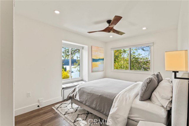 Just Listed Lakefront Opportunity of the Season! This LEVEL entry lake home is completely remodeled head to toe with Beautiful lake views straight to village. Enjoy the firework show right from your own deck. The photos do not do the views justice and will only get broader as the tress drop leaves. This property is completely set up for turn key occupancy with designer Crate and Barrel furnishings and accents intact. Short term rentals could be an amazing income source right from the start. All the rooms have a view! Light and bright with a great floor plan. There are three bedrooms up with an ensuite primary and an additional guest bath at lower level there is another ensuite bedroom with a spaciously sized family/game room and big screen TV. New trex decking on both levels with new patio furnishings, all new paint, flooring, cabinetry, and new systems! This truly is your opportunity for a turnkey experience! The half double dock is available for additional in deep water and is accessed on easy to walk concrete staircase down to shoreline.
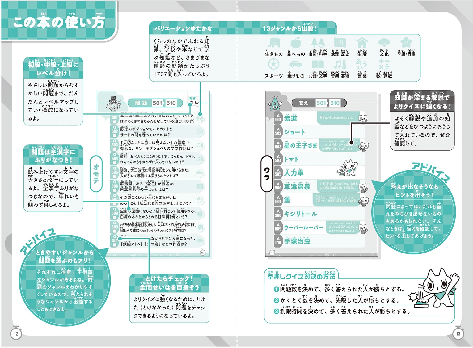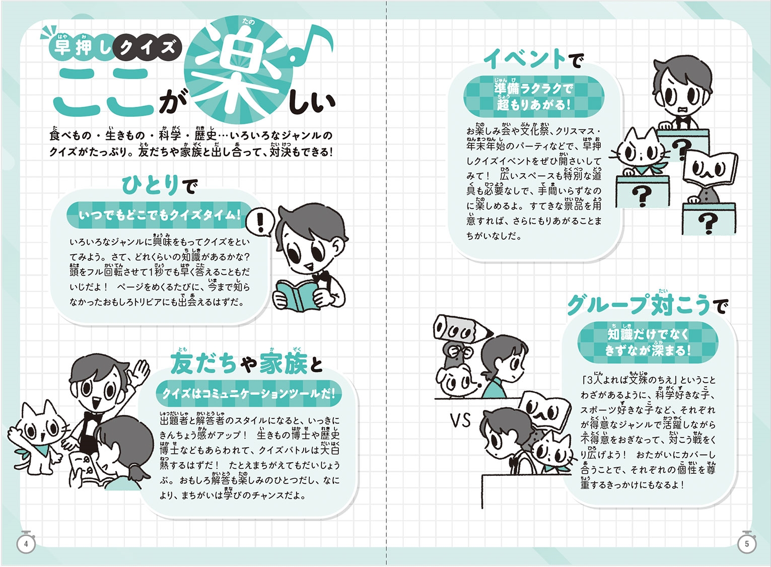 | _______________ 友だちと! 家族と! 知的バトルで盛り上がろう! ________________ 子どもたちが大好きな「早押しクイズ」用の問題集。 小学生なら知っておきたい知識問題から、生きもの、食べもの、科学、歴史、文化、芸術などの教養問題、雑学問題まで、た~っぷり掲載しています。ひとりでといて知力をアップするもよし、お友だちと瞬発力勝負で盛り上がるのもよし、家族のコミュニケーションツールとして楽しむのもよし、絶対に楽しめる一冊です♪ ★いいこといっぱい!★ ・集中力と瞬発力を鍛えらえる! ・知識の確認と吸収ができる! ・脳が活性化する! ・コミュニケーション力の向上! |
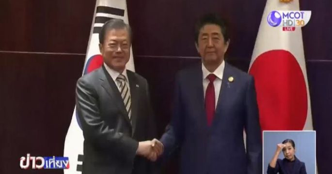 ผู้นำญี่ปุ่น และเกาหลีใต้ ได้พบหารือกันแบบทวิภาคีเป็นครั้งแรกในรอบ 15 เดือน หลังจากมีความบาดหมางกัน จนทั้งสองฝ่ายต้องตอบโต้ด้วยมาตรการทางการค้า

» **Prompt**
Nothing but the pictures is to be left out; the rest of the listing should be copied exactly.

» **Task answer**
 Just Listed Lakefront Opportunity of the Season! This LEVEL entry lake home is completely remodeled head to toe with Beautiful lake views straight to village. Enjoy the firework show right from your own deck. The photos do not do the views justice and will only get broader as the tress drop leaves. This property is completely set up for turn key occupancy with designer Crate and Barrel furnishings and accents intact. Short term rentals could be an amazing income source right from the start. All the rooms have a view! Light and bright with a great floor plan. There are three bedrooms up with an ensuite primary and an additional guest bath at lower level there is another ensuite bedroom with a spaciously sized family/game room and big screen TV. New trex decking on both levels with new patio furnishings, all new paint, flooring, cabinetry, and new systems! This truly is your opportunity for a turnkey experience! The half double dock is available for additional in deep water and is accessed on easy to walk concrete staircase down to shoreline.
 | _______________ 友だちと! 家族と! 知的バトルで盛り上がろう! ________________ 子どもたちが大好きな「早押しクイズ」用の問題集。 小学生なら知っておきたい知識問題から、生きもの、食べもの、科学、歴史、文化、芸術などの教養問題、雑学問題まで、た~っぷり掲載しています。ひとりでといて知力をアップするもよし、お友だちと瞬発力勝負で盛り上がるのもよし、家族のコミュニケーションツールとして楽しむのもよし、絶対に楽しめる一冊です♪ ★いいこといっぱい!★ ・集中力と瞬発力を鍛えらえる! ・知識の確認と吸収ができる! ・脳が活性化する! ・コミュニケーション力の向上! |
 ผู้นำญี่ปุ่น และเกาหลีใต้ ได้พบหารือกันแบบทวิภาคีเป็นครั้งแรกในรอบ 15 เดือน หลังจากมีความบาดหมางกัน จนทั้งสองฝ่ายต้องตอบโต้ด้วยมาตรการทางการค้า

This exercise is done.